The column 'C.G. Speedup' in Table 4 shows the performance improvement from the phase of common global variables reassignment. The next column shows that the performance improvement of average 1.233 can be achieved when the compiler applies integrating approach.

| Program  | C.G. Speedup | Integrating Speedup |
|----------|--------------|---------------------|
| compress | 1.0569       | 1.352               |
| espresso | 1.0028       | 1.068               |
| grep     | 1            | 1.027               |
| lex      | 1.0419       | 1.113               |
| li       | 1            | 1.662               |
| yacc     | 1.0031       | 1.177               |

Table 4: Result of integrating approach

# 5 Conclusions

Based on the program analysis in section 2, we employed the common global variable reassignment and the integrated approach to optimize the register usage and then to reduce the procedure call overhead. We do the inlining under the constraints depicted and also considering the interactions with the register allocation to avoid the additional penalty. On the other hand, with the help of inlining, the interprocedural register allocation could avoid having the worst-case treatment at all call sites of the callee.

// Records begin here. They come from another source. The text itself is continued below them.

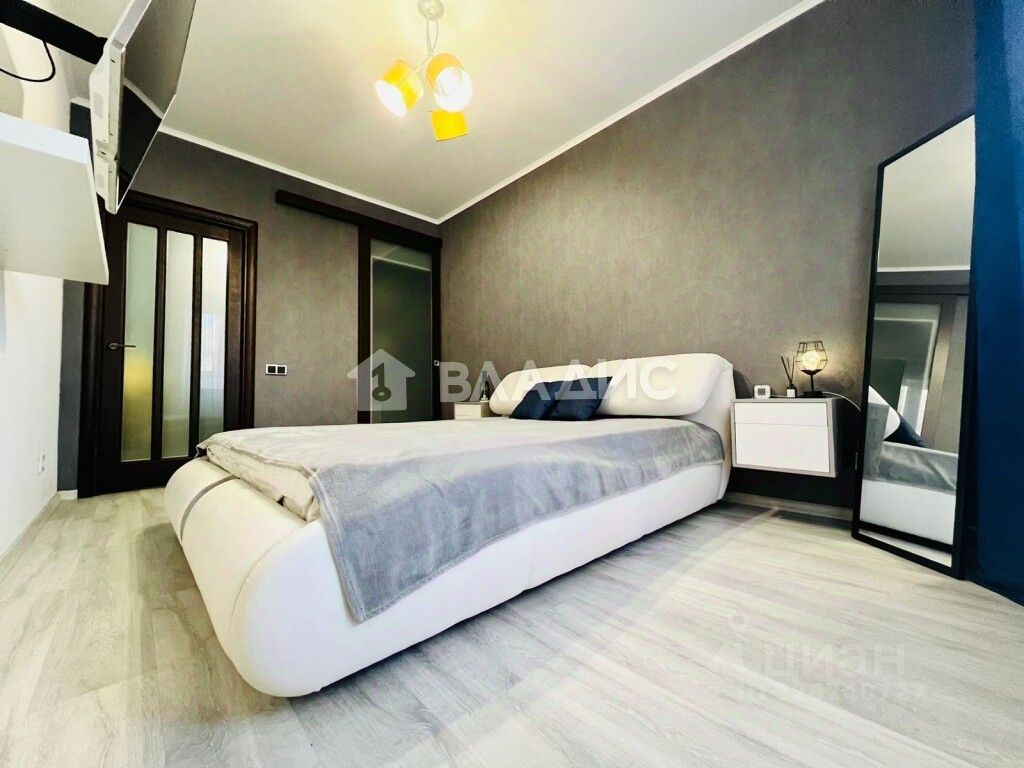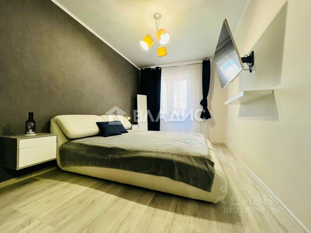 Квартира полностью укомплектована мебелью и техникой: кухонный гарнитур, варочная панель, духовой шкаф, печь свч,вытяжка, обеденная группа, ТВ - 3 шт, диван, спальная зона. Квартира оборудована 2 - мя гардеробными. Входная металлическая дверь, установлены межкомнатные двери, пластиковое остекление окон и лоджий, натяжные потолки с точечным освещением, напольное покрытие ламинат, санузел совмещен установлена сантехника пр-ва Италия.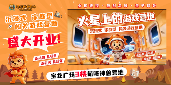 中国江苏网4月21日盐城讯 在这个生机勃勃的初夏,盐南高新区黄海街道宝龙城市广场又迎来一个令人兴奋的好消息!经过紧锣密鼓的筹备,备受期待的沉浸式亲子室内乐园——“萌呀神兽营地”,即将于5月1日在宝龙城市广场三楼南侧正式开店迎客。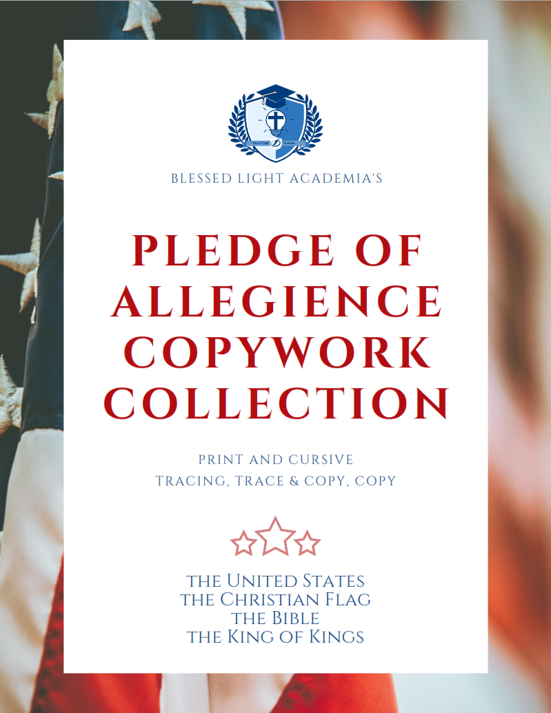 A differentiated Pledge of Allegiance copywork for children of all ages to learn four different pledges: to the American flag, to the Christian flag, the Bible, and to Jesus Christ.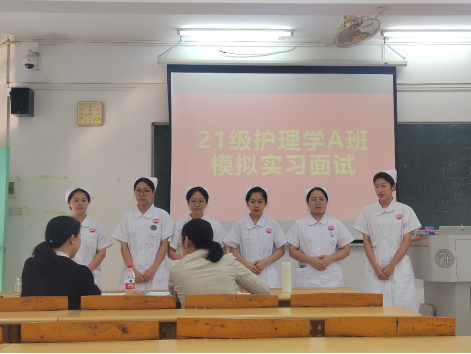 为帮助即将临床实习的2021级学子们顺利求职应聘,2023年10月25日上午,由护理学院组织的2021级A班模拟面试于教学楼C304顺利开展,护理学院2021级学生辅导员梁家翠老师及护理学2021级A班班主任孙凯华老师参加了此次面试并担任面试官。

The experimental results show that this integrated approach we applied to reduce the procedure call overhead can achieve a significant speed-up which is better than previous work that performed either of them independently.

#### References

- [1] V. Santhanam and D. Odnert, "Register Allocation Across Procedure and Module Boundaries," Proceedings of the ACM SIGPLAN'90 Conference on Programming Language Design and Implementation, pp. 28-39, June 1990.
- [2] F. C. Chow, "Minimizing Register Usage Penalty at Procedure Calls," Proceedings of the SIG-PLAN'88 Conference on Programming Language Design and Implementation, pp. 85-94, June 1988.
- [3] D. W. Wall, "Global Register Allocation at Link Time," Proceedings of the SIGPLAN '86 Symposium on Compiler Construction, pp. 264-275, June 1986.
- [4] Jack W. Davidsion and Anne M. Holler, "Subprogram Inlining: A Study of its Effects on Program Execution Time," *IEEE Transactions on* Software Engineering, Vol. 18, No. 2, pp. 89-102, February 1992.
- [5] K. D. Cooper, M. W. Hall, and L. Torczon, "An Experiment with Inline Substitution," Software-Practice and Experience, Vol. 21(6), pp. 581-601, June 1991.
- [6] M.-C. Chang, F. Lai, and R.-J. Shang, "Exploiting Instruction-Level Parallelism with the Conjugate Register File Scheme," Proceedings of the 25th Annual International Symposium on Microarchitecture, pp. 29-32, December 1992.